Bila benda dingin ditempelkan langsung pada kulit, pembuluh darah makin
berkontraksi sampai suhu 15oC. Saat titik mencapai derajat konstriksi maksimum pembuluh
darah mulai berdilatasi. Dilatisi ini disebabkan oleh efek langsung pendinginan setempat
terhadap pembuluh itu sendiri. Mekanisme kontraksi dingin membuat hambatan impuls saraf
datang ke pembuluh tersebut pada suhu mendekati suhu 0oC sehingga pembuluh darah
mencapai vasodilatasi maksimum. Hal ini dapat mencegah pembekuan bagian tubuh yang
terkena terutama tangan dan telinga (Syaifuddin, 2009: 324).

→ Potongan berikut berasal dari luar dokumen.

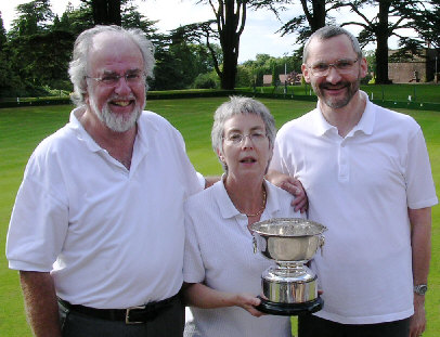 The final, also over eight ends, saw Derek, Pauline and Emrys run up a lead, which was clawed back to leave the teams at five all and force an extra end. The champions were holding two shots and had well placed defensive woods, but Ruth's last wood drew off the shot wood to take a single and the match. Previous Winners (Aug. 2004)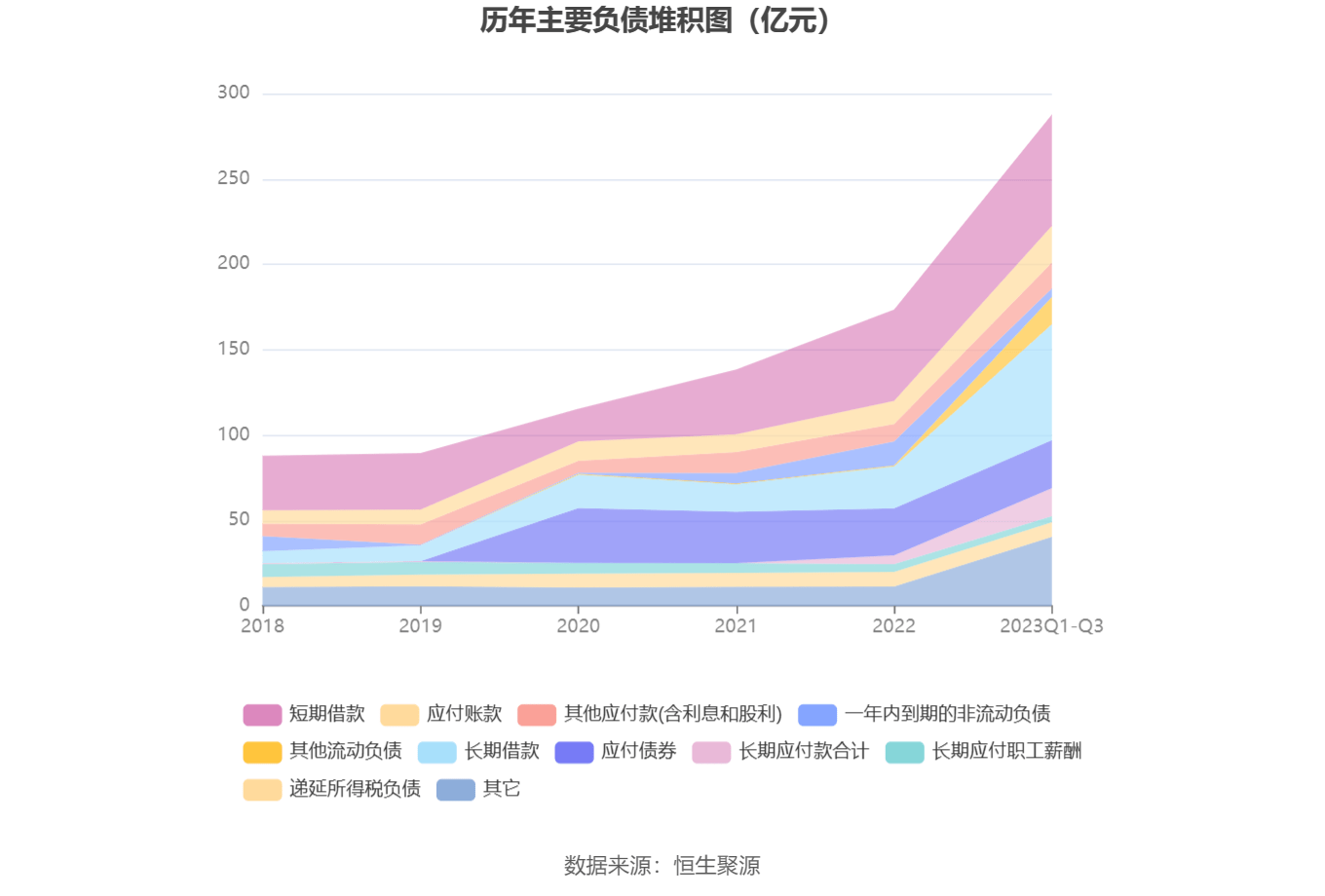 负债重大变化方面,截至2023年三季度末,公司长期借款较上年末增加176.42%,占公司总资产比重上升7.43个百分点;其他流动负债较上年末增加2628.33%,占公司总资产比重上升3.32个百分点;短期借款较上年末增加21.58%,占公司总资产比重下降2.07个百分点;长期应付款合计较上年末增加213.44%,占公司总资产比重上升2.00个百分点。

Suhu tubuh dipengaruhi oleh berbagai faktor, yaitu:
1.    Exercise: semakin beratnya exercise maka suhunya akan meningkat 15x, sedangkan pada
atlet dapat meningkat menjadi 20 x dari basal rate-nya.
2.    Hormon: Thyroid (Thyroxine dan Triiodothyronine) adalah pengatur pengatur utama basal
metabolisme rate. Hormon lain adalah testoteron, insulin, dan hormon pertumbuhan dapat
meningkatkan metabolisme rate 5-15%.
3.    Sistem syaraf: selama exercise atau situasi penuh stress, bagian simpatis dari system syaraf
otonom terstimulasi. Neuron-neuron postganglionik melepaskan norepinephrine (NE) dan
juga merangsang pelepasan hormon epinephrine dan norephinephrine (NE) oleh medulla
adrenal sehingga meningkatkan metabolisme rate dari sel tubuh.
4.    Suhu tubuh: meningkatnya suhu tubuh dapat meningkatkan metabolisme rate, setiap
peningkatan 1 % suhu tubuh inti akan meningkatkan kecepatan reaksi biokimia 10 %.
5.    Asupan makanan: makanan dapat meningkatkan 10 – 20 % metabolisme rate terutama intake
tinggi protein.
6.    Berbagai macam factor seperti: gender, iklim dan status malnutrisi (Sunardi, 2008).